------ Dataset content

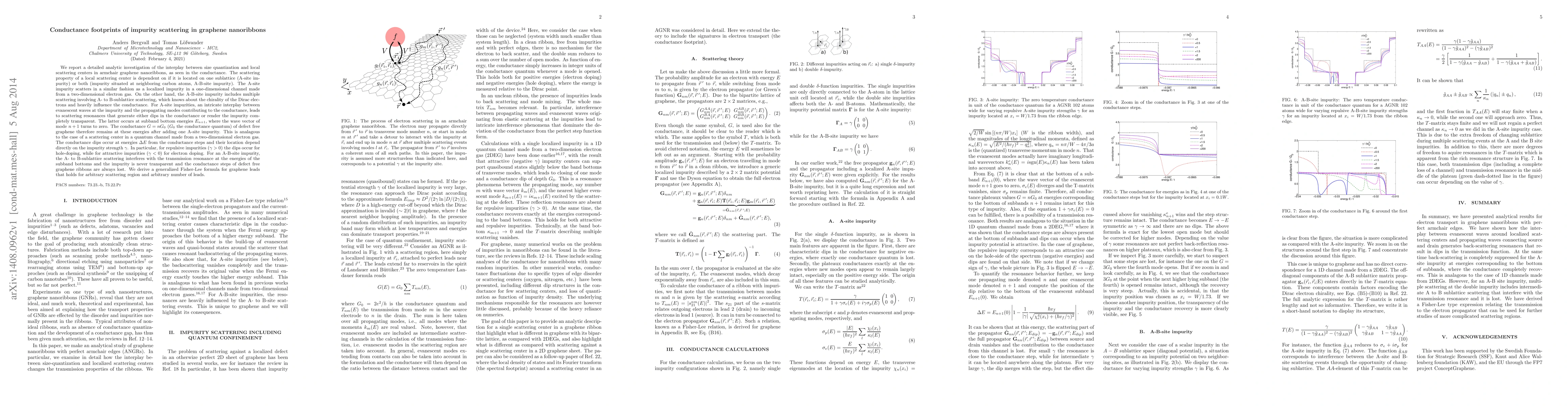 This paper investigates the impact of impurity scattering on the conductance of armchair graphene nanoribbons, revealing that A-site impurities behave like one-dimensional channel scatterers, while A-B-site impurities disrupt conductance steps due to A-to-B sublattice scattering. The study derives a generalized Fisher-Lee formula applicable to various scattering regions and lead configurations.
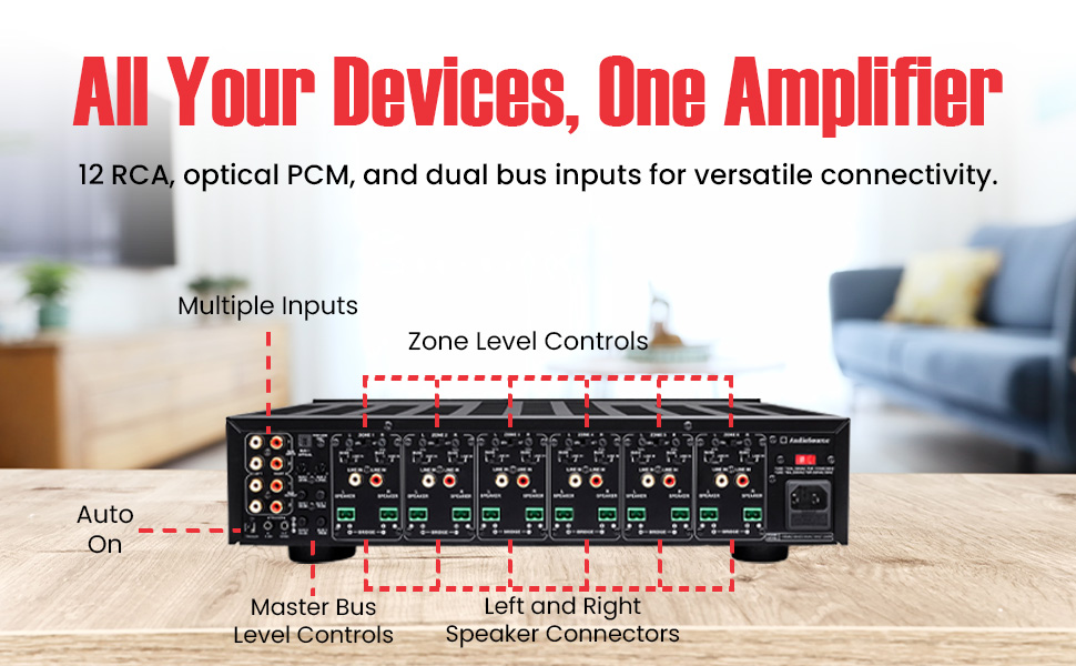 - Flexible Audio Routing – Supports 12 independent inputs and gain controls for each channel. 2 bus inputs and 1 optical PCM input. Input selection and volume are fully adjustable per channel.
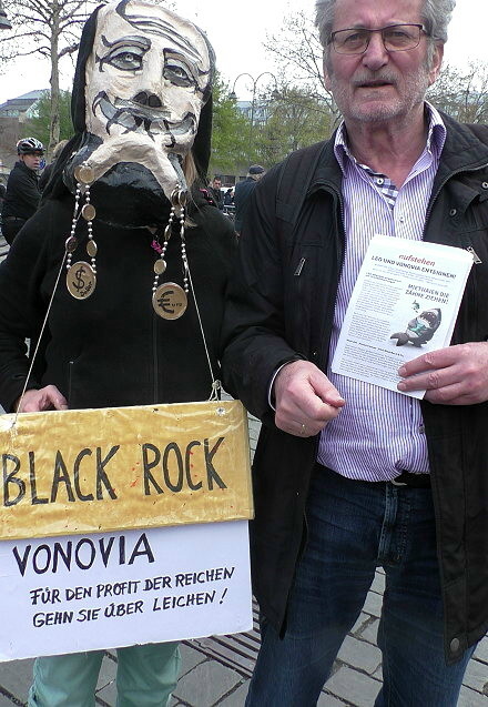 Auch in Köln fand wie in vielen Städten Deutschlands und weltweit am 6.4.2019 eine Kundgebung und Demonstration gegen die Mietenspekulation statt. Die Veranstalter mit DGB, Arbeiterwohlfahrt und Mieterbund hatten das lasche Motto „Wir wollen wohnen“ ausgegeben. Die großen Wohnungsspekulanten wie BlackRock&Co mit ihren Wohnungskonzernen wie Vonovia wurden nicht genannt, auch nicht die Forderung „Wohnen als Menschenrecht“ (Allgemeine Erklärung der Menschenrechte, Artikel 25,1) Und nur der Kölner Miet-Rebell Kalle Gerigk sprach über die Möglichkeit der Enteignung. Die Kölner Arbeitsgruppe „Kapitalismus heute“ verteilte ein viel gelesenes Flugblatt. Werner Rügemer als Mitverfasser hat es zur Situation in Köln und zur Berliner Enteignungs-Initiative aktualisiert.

------------

Task directions
Pictures aside, repeat exactly every line from the top of the listing above through the line bearing "- Flexible Audio", inclusive.

Written solution
 This paper investigates the impact of impurity scattering on the conductance of armchair graphene nanoribbons, revealing that A-site impurities behave like one-dimensional channel scatterers, while A-B-site impurities disrupt conductance steps due to A-to-B sublattice scattering. The study derives a generalized Fisher-Lee formula applicable to various scattering regions and lead configurations.
 - Flexible Audio Routing – Supports 12 independent inputs and gain controls for each channel. 2 bus inputs and 1 optical PCM input. Input selection and volume are fully adjustable per channel.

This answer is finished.